Romney projected to win Arizona: US media
White House hopeful Mitt Romney has won Tuesday's Republican Party primary in Arizona as expected, according to projections by US media.
A victory in the southwestern US state boosts Romney's frontrunner position in the race to determine which Republican will face President Barack Obama in November.
A far more contentious battle was playing out Tuesday in the Midwestern state of Michigan, where the vote minutes after polls closed was too close to call.
Arizonans cast their final ballots by 7 pm (0200 GMT Wednesday) and while votes were still being counted and the Republican Party had yet to put out any official results, early exit polls put the state in Romney's win column.

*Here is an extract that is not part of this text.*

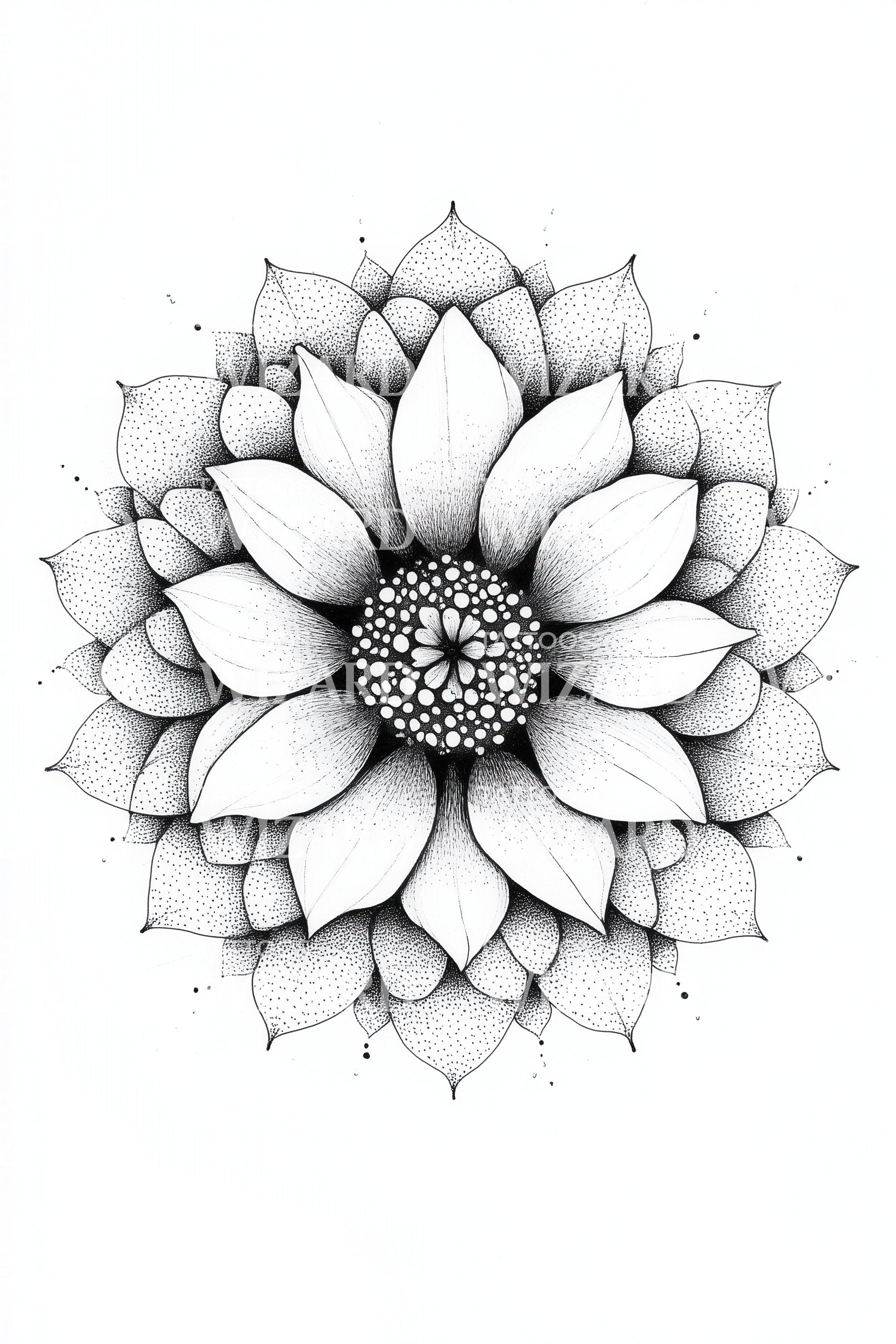 このひまわりのマンダラタトゥーは、咲き誇る美しさと繊細な花びらを、緻密な幾何学的ドットワークと融合させています。その魅力的なデザインは、自然の対称性と生命の絶え間ない循環を体現しています。この作品は調和の感覚を呼び起こし、静けさと躍動感の融合を求めるあなたに最適です。

CNN exit polls projected 44 per cent of the Arizona vote for Romney and 27 per cent for his main rival Rick Santorum, a religious conservative who has been surging nationally in recent weeks.
The other two in the race, former House speaker Newt Gingrich and Representative Ron Paul of Texas, are trailing.
Results from CBS News exit polls in the state, which borders Mexico, showed 48 per cent of voters cited the US economy as the most important issue to them, compared with 32 per cent for the federal budget and just 12 per cent citing illegal immigration.
The exit polls also showed that 38 per cent of voters said electability was the top reason for their decision.
Romney, a multi-millionaire investor and former governor of liberal Massachusetts, has struggled to prove his conservative credentials, but has consistently polled as the most viable Republican candidate in terms of beating Obama in the November general election.